Case-3: Aggressor and victim net switch in opposite directions

Let's consider aggressor net switches from low to high logic and victim net switches from high to low (opposite). as shown in figure-6. 

Figure-6: Crosstalk delay due to opposite direction switching

As node A start transition from low to high at the same time, node V starts switching from high to low. There will be a potential difference from node A to V as half of the transition happened. There is a coupling capacitance between A and V so aggressor node will try to pull up the victim node. This will affect the smooth transition of the victim node from high to low and will have a bump after half of the transition and this will result in an increase in the transition time of the victim net. Figure-7 shows the transition of nets. After crosstalk, the delay of the cell will be increased by Δ and new delay will be D + Δ.

Figure-7: Crosstalk delay (increase) 

Case-4: Aggressor and victim nets switch in the same direction

Let's consider aggressor net switches from low to high logic and victim net also switches from low to high (same direction). as shown in the figure-8. 

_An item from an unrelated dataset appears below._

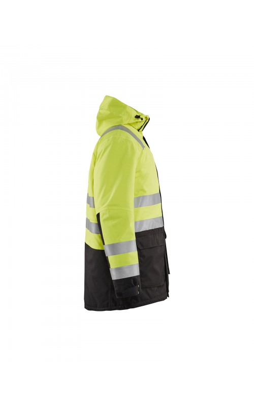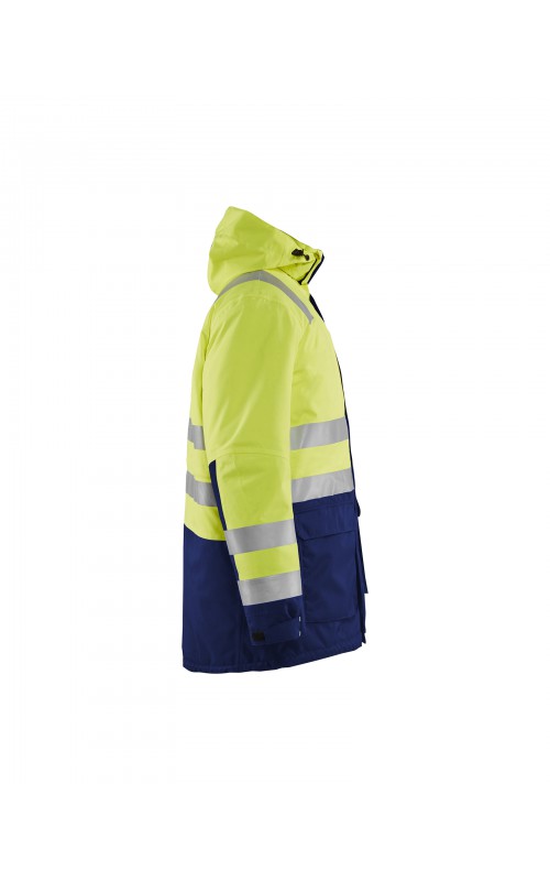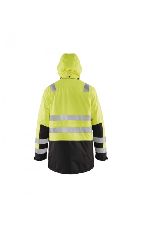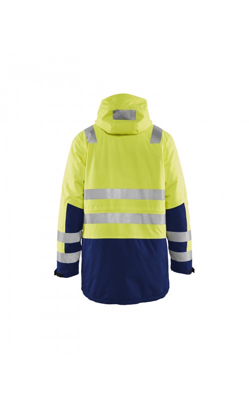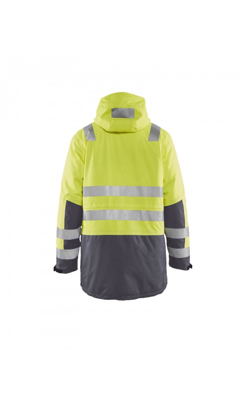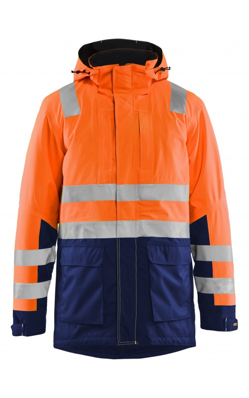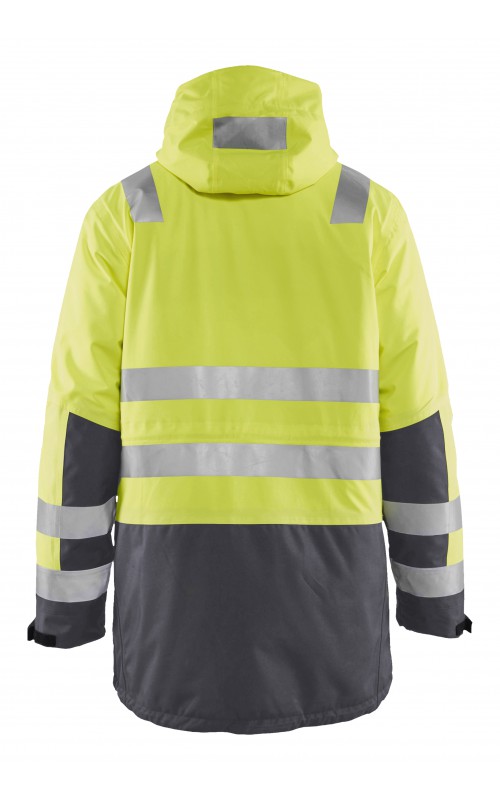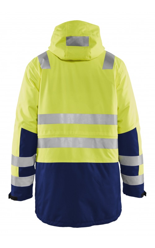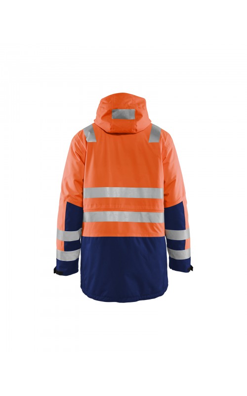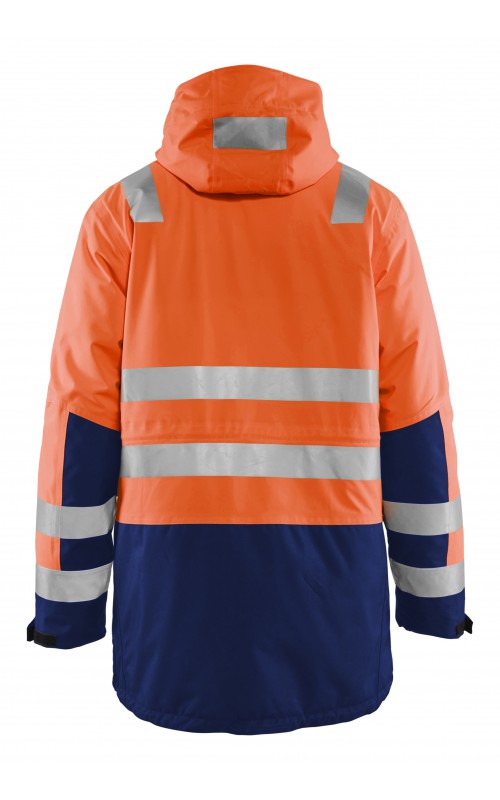 Een warm kledingstuk voor de winter voor zware werkplekken waar het belangrijk is om goed zichtbaar te zijn. De parka is gemaakt van sterk wind- en waterbestendig materiaal met getapete naden en een warme gewatteerde voering die comfortabel is en beschermt tegen kou en wind. De parka heeft een slijtvaste buitenstof in een donkerder tint waar het kledingstuk het meeste vuil verzamelt. Het jack heeft een tweewegritssluiting aan de voorkant en voorgevormde mouwen voor meer comfort. De taille kan worden aangepast met een trekkoord aan de achterkant voor een betere pasvorm. De reflectie zijn transfers voor meer flexibiliteit en de beschermende capuchon heeft drukknopen om te bevestigen of eraf te halen. Gecertificeerd volgens EN 342 in combinatie met 1885; EN 343; EN ISO 20471 Klasse 3, beschermende kleding voor hoge zichtbaarheid.

Figure-8: Crosstalk delay due to same direction switching

As node A start transition from low to high at the same time, node V also starts switching from low to high. Suppose aggressor net has high drive strength and so fast transition, a potential difference from node A to V will be developed after half of the transition happened. There is a coupling capacitance between A and V so aggressor node will try to fast pull up the victim node. This will affect the smooth transition of the victim node from low to high and will have a bump after half of the transition and this will result in a decrease in the transition time of the victim net. Figure-9 shows the transition of nets. After crosstalk, the delay of the cell will be decreased by Δ and the new delay will be (D - Δ).

Figure-9: Crosstalk delay (decrease)

Effects of crosstalk delay

There are various effects of crosstalk delay on the timing of design. It could make unbalance a balanced clock tree, could violate the setup and hold timing. In this section, we will discuss some of them.

Effect on clock tree: 

Crosstalk could unbalance a balanced clock tree. Crosstalk delay may increase or decrease the delay of clock buffers in the clock path and a balanced clock tree could be unbalanced as shown in the figure-10. 

Figure-10: Effect of crosstalk delay on clock tree

Let's suppose the latency of path P1 is L1 and for the path P2 is L2. If the clock tree is balanced then L1 must be equal to L2. Now due let's assume crosstalk delay occurs and it affects a clock buffer in clock path P2. Then now L1 will no more equal to L2 and now clock tree is not balanced. Here we have considered only one clock buffer got affected by the crosstalk delay but in reality, the effect could be in many places.

 Effect on setup and hold timing:

Crosstalk delay can violate the setup timing. Figure-11, shows the data path, launch clock path and capture clock path. 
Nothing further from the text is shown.